_DESCRIPTION OF THE TASK:_
Within the listing below, please copy exactly the lines between the line holding "Oversized ebony heart" and the line holding "- Add half of", inclusive.

_DATA PROVIDED:_
Start of Block

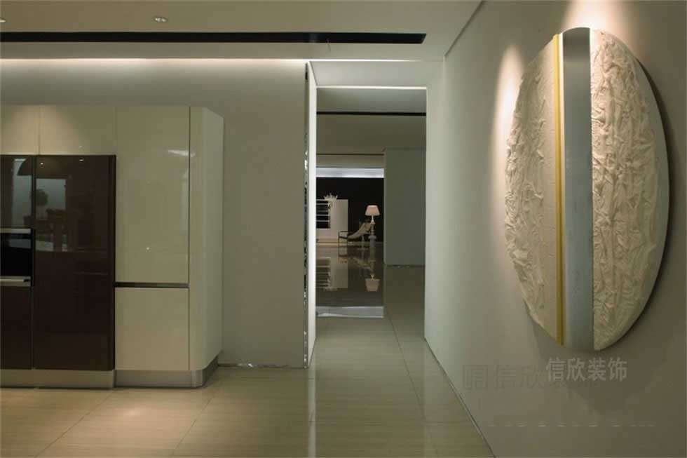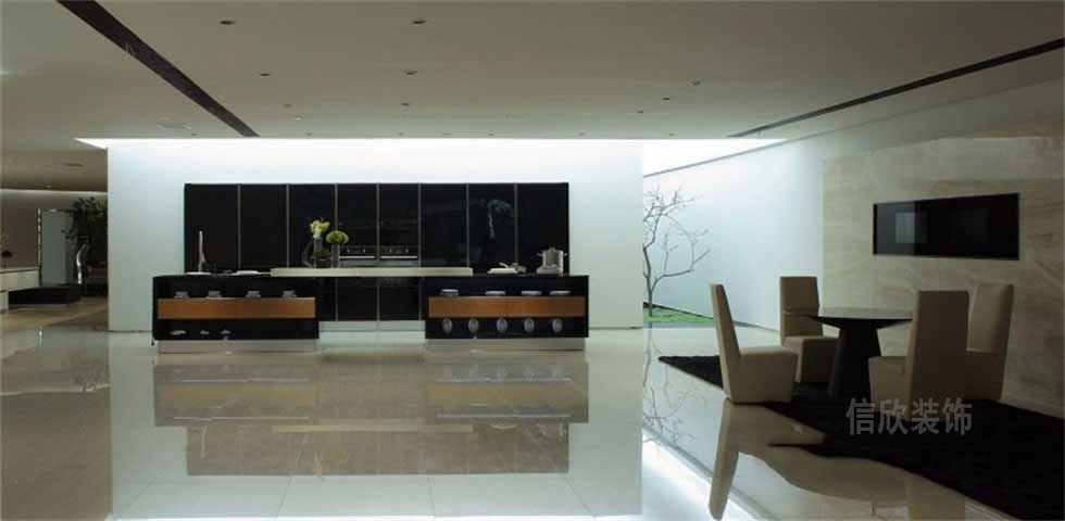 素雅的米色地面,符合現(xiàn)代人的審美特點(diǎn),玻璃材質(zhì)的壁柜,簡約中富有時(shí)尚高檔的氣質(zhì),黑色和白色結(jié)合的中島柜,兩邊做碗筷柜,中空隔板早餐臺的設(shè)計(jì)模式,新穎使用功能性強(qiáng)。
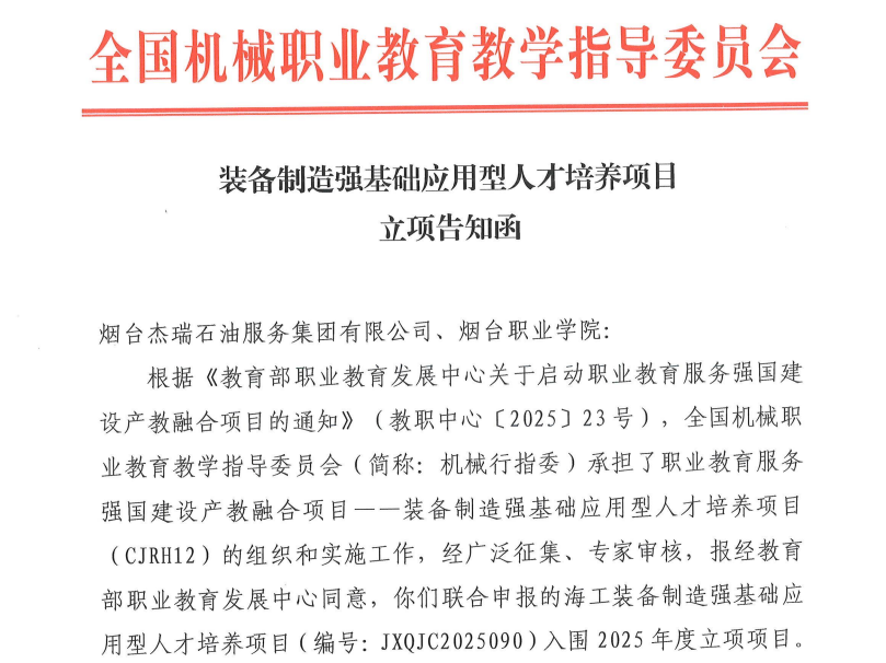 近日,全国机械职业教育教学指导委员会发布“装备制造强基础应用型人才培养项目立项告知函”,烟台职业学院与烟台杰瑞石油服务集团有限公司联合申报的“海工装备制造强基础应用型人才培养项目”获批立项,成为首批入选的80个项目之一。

End of Block
Start of Block

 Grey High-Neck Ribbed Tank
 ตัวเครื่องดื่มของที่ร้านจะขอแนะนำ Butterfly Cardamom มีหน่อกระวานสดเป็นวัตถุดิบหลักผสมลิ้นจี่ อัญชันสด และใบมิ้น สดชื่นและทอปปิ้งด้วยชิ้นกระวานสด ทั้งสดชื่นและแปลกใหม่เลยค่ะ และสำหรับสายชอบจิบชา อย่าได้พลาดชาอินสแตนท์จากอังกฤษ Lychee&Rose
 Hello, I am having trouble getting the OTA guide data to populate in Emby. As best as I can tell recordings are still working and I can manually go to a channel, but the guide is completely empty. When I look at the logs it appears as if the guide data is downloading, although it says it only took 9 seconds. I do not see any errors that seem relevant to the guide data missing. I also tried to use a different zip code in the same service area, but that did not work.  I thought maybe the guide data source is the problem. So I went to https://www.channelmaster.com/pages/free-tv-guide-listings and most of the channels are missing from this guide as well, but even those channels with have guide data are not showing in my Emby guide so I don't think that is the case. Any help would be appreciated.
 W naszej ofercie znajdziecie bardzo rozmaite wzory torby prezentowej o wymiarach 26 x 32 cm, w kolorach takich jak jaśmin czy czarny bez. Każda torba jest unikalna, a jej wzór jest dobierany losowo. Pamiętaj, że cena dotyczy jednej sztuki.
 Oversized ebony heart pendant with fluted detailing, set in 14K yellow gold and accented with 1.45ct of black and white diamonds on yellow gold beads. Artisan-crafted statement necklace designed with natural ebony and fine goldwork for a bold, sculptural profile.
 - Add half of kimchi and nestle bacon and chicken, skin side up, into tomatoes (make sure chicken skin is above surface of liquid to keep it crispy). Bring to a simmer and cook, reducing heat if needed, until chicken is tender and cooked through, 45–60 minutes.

End of Block

_SOLUTION BELOW:_
 Oversized ebony heart pendant with fluted detailing, set in 14K yellow gold and accented with 1.45ct of black and white diamonds on yellow gold beads. Artisan-crafted statement necklace designed with natural ebony and fine goldwork for a bold, sculptural profile.
 - Add half of kimchi and nestle bacon and chicken, skin side up, into tomatoes (make sure chicken skin is above surface of liquid to keep it crispy). Bring to a simmer and cook, reducing heat if needed, until chicken is tender and cooked through, 45–60 minutes.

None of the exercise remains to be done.